When tragedies like this occur there are typically two types of response: Some people call for heads to roll while others seek to blame “the system”.

Yet the Dreamworld fiasco is such a layer cake of incompetence, so unprecedented in its dysfunction, that neither seems sufficient.

Individual staff members appear to have been so wholly unprepared and untrained for what now looks to be a wholly foreseeable incident that it is difficult to imagine how they could have reacted differently.

And as for blaming the system, that is also impossible for one simple reason: There was no system. Like pulling back the curtain on the Wizard of Oz, it has now become clear that a ride on which thousands of happy holiday-makers were unwittingly risking their lives was held together by nothing but luck. And then one day that luck ran out and four people paid for it.

With their lives.

Dreamworld is not just a Gold Coast icon, it is a national symbol. For years it was Australia’s answer to Disneyland, a place that represented countless children’s — well — dreams.
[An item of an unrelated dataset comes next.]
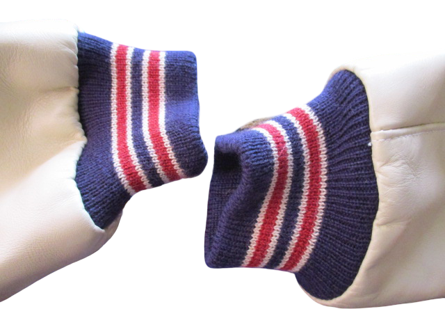 Condition is ranked B, consistent with careful ownership. Minor rib knit wear and light leather patina are present, aligning with age-appropriate preservation rather than damage. Structurally sound, embroidery intact.

And that is why the death of these four innocent people has so tortured the national psyche. People die in wars every day, from famine and natural disaster. This is no less tragic but it is not shocking.

What offends the human soul is that in a place dedicated solely to happiness and innocence and pleasure there could be such callous disregard for human life, a contempt so careless and pervasive that it infected every aspect of a treasured national institution without anyone even knowing it was there.
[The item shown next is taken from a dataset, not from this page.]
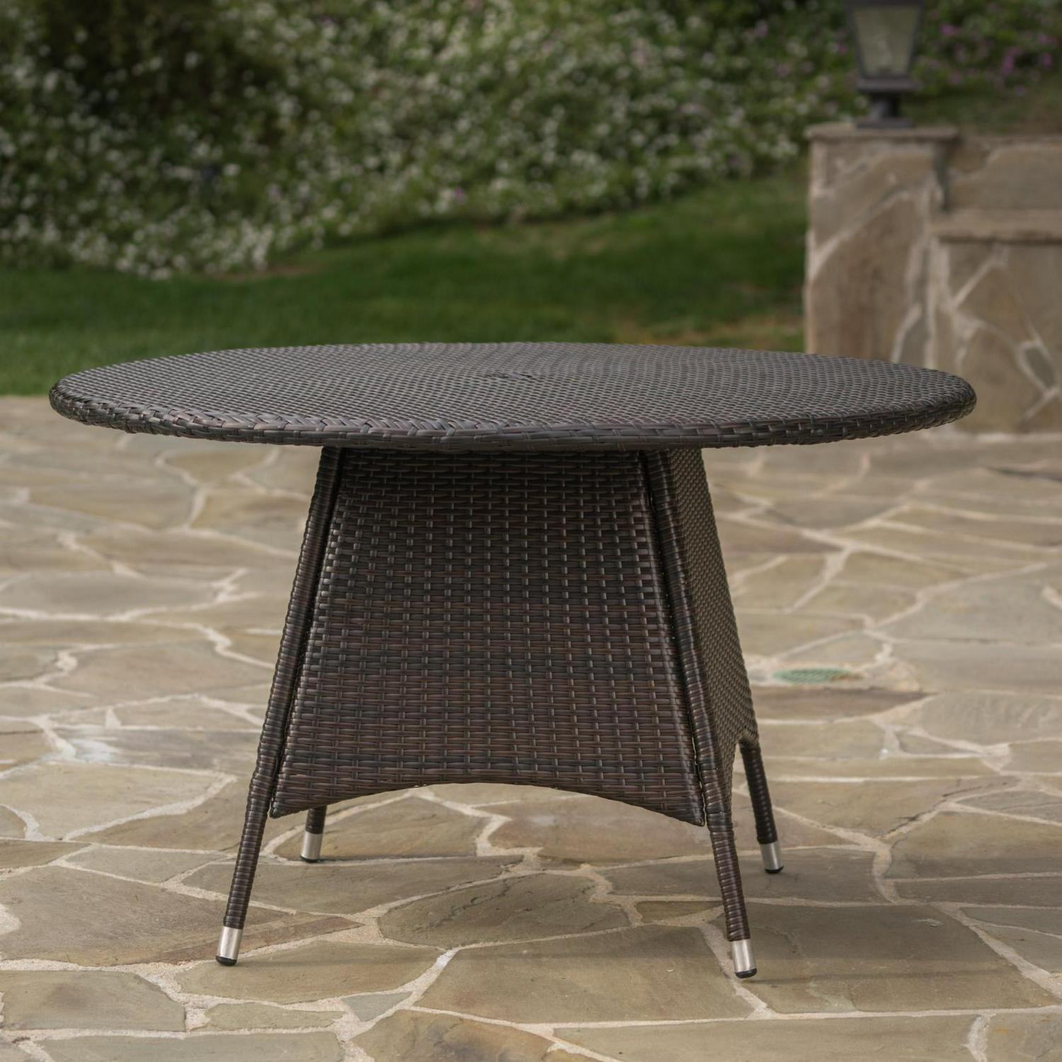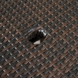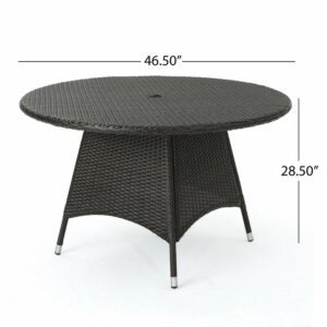 Use the Corsica Round Patio Dining Table to create the perfect outdoor dining area. This dining table has a durable iron frame and resin wicker covering that is waterproof and easy to clean. The table accommodates up to four chairs, and has an umbrella hole in the center. A neutral brow finish works with most décor styles and natural settings.

The husband of one of the victims, who was there at the scene where his wife died, screamed out in the aftermath: “Why didn’t you stop the ride?”
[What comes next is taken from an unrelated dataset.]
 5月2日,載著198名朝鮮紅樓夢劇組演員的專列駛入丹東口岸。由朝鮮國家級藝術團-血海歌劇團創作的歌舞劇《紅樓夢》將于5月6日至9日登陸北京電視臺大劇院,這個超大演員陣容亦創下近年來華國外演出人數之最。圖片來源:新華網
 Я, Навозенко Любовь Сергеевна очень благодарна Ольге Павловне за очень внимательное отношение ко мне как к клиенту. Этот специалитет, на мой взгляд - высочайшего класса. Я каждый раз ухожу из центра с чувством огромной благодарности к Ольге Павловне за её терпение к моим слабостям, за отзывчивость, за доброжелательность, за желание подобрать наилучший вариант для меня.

And yet it seems that the whole system was so utterly chaotic, the whole management so utterly unmanaged, that nobody could. Indeed, the whole emergency stopping mechanism never really existed.

This is what is so unbelievable about this rotten, tragic tale. If only there was someone or something to blame then perhaps we could dig some meaning from the ashes. Yet somehow everyone and everything is to blame. Everything is wrong. It is as though a mechanic opened up the bonnet of a car and found that instead of an engine there was a bowl of spaghetti.

It is tempting to write the whole thing off as another example of corporate greed putting profits before people and yet that is too easy.

For corporate greed may be evil but it is at least rational. And for a corporation to make profits, for its executives to enrich themselves, it must carry on existing and they must carry on working. Even if the fat cats did only care about money, it would still be in their financial interests that nobody died and people continued to spend money on their overpriced attractions.

Besides, the one thing that could have most easily averted the tragedy — the junior operator being told to hit the emergency stop button in the case of an emergency — would have cost absolutely nothing. Yet even that wasn’t done.

The truth is in fact far worse. The terrifying thing is not that the management was so greedy but that it was so breathtakingly incompetent — literally to the point where it took away people’s very breath.

Already there have been senior resignations and the park will likely be exposed to multimillion-dollar compensation claims and workplace safety prosecutions that could cripple it, yet at the same time police have been unable to recommend any criminal charges because the problems were so many and so pervasive that the disaster couldn’t be sheeted home to a single individual.

The cumulative incompetence is so great, the catastrophe so absolute, that when the smoke clears there may well be no one and nothing left standing to blame.

And so the families of the victims are left alone with their anguish and their fury, in a tale in which nothing is just, nothing is fair and nothing is right.

And that is perhaps the greatest injustice of all.